A Non-Variational Quantum Approach to the Job Shop Scheduling Problem
Miguel Angel Lopez-Ruiz, Emily L. Tucker, Emma M. Arnold, Evgeny Epifanovsky, Ananth Kaushik, Martin Roetteler
TL;DR
Addresses NP-hard Just-in-Time Job Shop Scheduling Problem (JIT-JSSP) with quantum heuristics suitable for near-term hardware. Introduces Iterative-QAOA, a non-variational, shallow QAOA variant with a fixed-angle schedule and iterative warm-start updates based on Boltzmann-weighted measurement outcomes. Benchmarks on IonQ trapped-ion hardware and tensor-network simulations show Iterative-QAOA converging to optimal or high-quality solutions up to 97 qubits, outperforming LR-QAOA and demonstrating robustness to noise with error mitigation. The results highlight favorable scaling prospects for fault-tolerant quantum computers and outline directions for improved encodings and hybrid strategies to tackle larger industrial instances.
Abstract
Quantum heuristics offer a potential advantage for combinatorial optimization but are constrained by near-term hardware limitations.

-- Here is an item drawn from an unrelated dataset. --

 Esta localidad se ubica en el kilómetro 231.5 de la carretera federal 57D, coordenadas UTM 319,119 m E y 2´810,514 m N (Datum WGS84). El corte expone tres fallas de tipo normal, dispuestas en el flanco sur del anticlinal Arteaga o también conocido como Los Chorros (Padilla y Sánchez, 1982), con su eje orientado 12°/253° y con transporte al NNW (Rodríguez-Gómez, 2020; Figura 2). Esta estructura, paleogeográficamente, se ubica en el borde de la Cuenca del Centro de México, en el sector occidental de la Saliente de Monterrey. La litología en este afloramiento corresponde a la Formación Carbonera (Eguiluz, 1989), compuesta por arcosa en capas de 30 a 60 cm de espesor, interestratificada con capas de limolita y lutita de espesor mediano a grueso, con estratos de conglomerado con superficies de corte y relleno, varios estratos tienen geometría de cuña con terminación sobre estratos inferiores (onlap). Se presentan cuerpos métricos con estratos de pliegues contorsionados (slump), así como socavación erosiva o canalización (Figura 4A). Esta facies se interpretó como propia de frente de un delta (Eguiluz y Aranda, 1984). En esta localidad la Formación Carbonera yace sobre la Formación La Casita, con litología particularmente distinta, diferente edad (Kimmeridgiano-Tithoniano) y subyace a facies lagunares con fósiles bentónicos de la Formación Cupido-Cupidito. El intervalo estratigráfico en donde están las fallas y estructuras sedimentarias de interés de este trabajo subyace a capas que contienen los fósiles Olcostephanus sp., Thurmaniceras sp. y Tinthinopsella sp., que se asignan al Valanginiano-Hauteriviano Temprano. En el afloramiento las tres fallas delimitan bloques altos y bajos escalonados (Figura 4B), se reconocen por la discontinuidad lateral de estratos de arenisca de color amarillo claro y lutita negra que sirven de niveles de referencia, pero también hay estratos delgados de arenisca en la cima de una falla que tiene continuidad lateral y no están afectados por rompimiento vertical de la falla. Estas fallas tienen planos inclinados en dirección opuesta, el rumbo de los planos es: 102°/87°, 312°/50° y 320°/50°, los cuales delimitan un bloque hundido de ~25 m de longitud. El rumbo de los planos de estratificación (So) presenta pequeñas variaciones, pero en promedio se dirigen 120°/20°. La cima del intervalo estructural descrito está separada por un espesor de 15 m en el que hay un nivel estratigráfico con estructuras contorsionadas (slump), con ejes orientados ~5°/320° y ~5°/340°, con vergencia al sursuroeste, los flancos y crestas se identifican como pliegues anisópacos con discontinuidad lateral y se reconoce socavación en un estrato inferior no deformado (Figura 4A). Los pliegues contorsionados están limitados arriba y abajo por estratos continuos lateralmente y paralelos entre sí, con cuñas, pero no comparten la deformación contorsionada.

We introduce Iterative-QAOA, a variant of QAOA designed to mitigate these constraints. The algorithm combines a non-variational, shallow-depth circuit approach using fixed-parameter schedules with an iterative warm-starting process. We benchmark the algorithm on Just-in-Time Job Shop Scheduling Problem (JIT-JSSP) instances on IonQ Forte Generation QPUs, representing some of the largest such problems ever executed on quantum hardware. We compare the performance of the algorithm against both the Variational Quantum Imaginary Time Evolution (VarQITE) algorithm and the non-variational Linear Ramp (LR) QAOA algorithm. We find that Iterative-QAOA robustly converges to find optimal solutions as well as high-quality, near-optimal solutions for all problem instances evaluated. We evaluate the algorithm on larger problem instances up to 97 qubits using tensor network simulations. The scaling behavior of the algorithm indicates potential for solving industrial-scale problems on fault-tolerant quantum computers.